SOURCE RECORDS:
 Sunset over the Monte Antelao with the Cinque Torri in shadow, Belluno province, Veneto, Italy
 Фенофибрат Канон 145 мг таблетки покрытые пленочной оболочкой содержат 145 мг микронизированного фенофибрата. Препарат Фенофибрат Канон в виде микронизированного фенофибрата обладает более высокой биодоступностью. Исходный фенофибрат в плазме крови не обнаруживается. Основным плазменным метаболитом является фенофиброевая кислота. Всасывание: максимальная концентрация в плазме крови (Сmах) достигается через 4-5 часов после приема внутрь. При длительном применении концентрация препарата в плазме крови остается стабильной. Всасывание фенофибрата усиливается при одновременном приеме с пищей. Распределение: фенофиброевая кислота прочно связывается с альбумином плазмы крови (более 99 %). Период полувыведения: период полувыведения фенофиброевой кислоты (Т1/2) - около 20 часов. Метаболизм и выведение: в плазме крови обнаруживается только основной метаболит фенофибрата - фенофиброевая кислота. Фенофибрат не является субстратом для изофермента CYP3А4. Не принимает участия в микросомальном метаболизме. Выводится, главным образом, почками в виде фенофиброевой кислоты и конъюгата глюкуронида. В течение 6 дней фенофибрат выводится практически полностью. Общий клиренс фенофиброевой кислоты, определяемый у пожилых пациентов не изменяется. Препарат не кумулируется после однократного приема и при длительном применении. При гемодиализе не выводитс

...

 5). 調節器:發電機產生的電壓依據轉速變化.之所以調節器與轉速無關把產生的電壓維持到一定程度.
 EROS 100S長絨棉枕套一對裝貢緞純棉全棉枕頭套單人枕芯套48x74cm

TASK DIRECTIONS: From the data above, output exactly the lines between the one containing "5). 調節器:發電機產生的" and the one containing "EROS 100S長絨棉枕套一對裝貢緞純棉全棉枕頭套單人枕芯套48x74cm", counting both of them.

RESPONSE BELOW:
 5). 調節器:發電機產生的電壓依據轉速變化.之所以調節器與轉速無關把產生的電壓維持到一定程度.
 EROS 100S長絨棉枕套一對裝貢緞純棉全棉枕頭套單人枕芯套48x74cm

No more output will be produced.